◆ Supplied material:
◇ ◇ ◇ ◇ ◇

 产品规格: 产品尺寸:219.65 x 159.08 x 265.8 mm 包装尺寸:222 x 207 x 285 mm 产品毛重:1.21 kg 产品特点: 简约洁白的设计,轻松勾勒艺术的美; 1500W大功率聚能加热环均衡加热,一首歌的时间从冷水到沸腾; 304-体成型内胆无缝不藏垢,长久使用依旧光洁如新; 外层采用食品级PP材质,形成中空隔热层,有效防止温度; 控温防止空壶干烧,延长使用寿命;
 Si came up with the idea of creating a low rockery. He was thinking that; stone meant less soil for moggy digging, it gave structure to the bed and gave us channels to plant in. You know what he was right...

◇ ◇ ◇ ◇ ◇

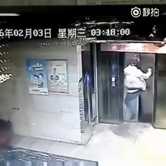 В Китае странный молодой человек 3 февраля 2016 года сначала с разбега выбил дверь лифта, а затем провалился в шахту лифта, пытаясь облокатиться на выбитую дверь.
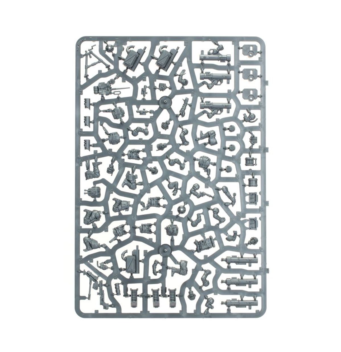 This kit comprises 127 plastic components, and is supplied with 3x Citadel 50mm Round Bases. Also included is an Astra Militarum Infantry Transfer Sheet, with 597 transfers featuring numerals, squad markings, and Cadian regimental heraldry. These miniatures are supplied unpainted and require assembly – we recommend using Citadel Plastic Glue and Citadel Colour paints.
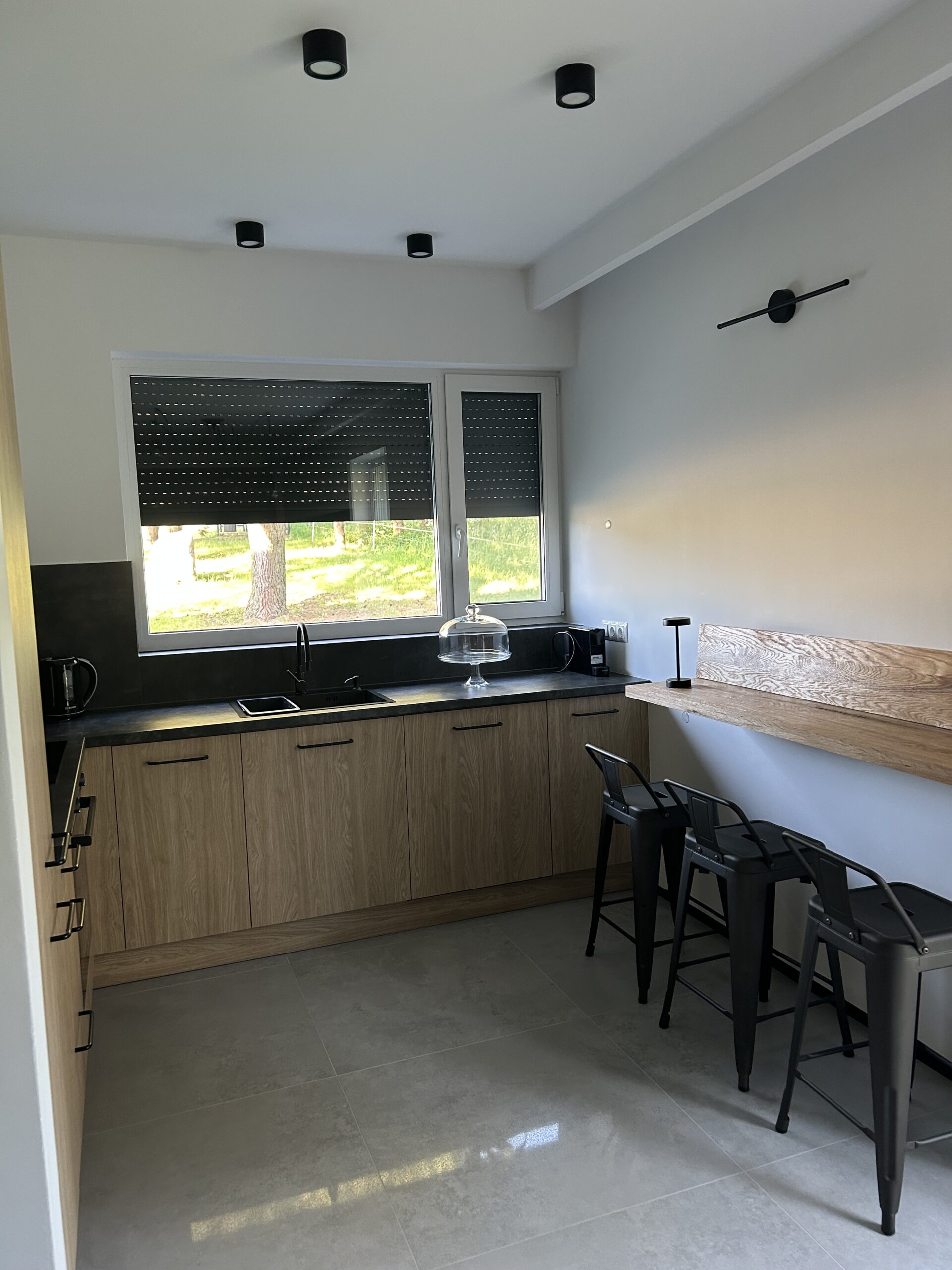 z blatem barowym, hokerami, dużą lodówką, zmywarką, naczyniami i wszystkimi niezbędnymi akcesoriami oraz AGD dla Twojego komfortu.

◇ ◇ ◇ ◇ ◇

◆ Problem requirements: In the listing above, find the line holding "产品规格: 产品尺寸:219.65 x" and the line holding "Si came up with", then output those two lines and every line between them exactly.

◆ Task response:
 产品规格: 产品尺寸:219.65 x 159.08 x 265.8 mm 包装尺寸:222 x 207 x 285 mm 产品毛重:1.21 kg 产品特点: 简约洁白的设计,轻松勾勒艺术的美; 1500W大功率聚能加热环均衡加热,一首歌的时间从冷水到沸腾; 304-体成型内胆无缝不藏垢,长久使用依旧光洁如新; 外层采用食品级PP材质,形成中空隔热层,有效防止温度; 控温防止空壶干烧,延长使用寿命;
 Si came up with the idea of creating a low rockery. He was thinking that; stone meant less soil for moggy digging, it gave structure to the bed and gave us channels to plant in. You know what he was right...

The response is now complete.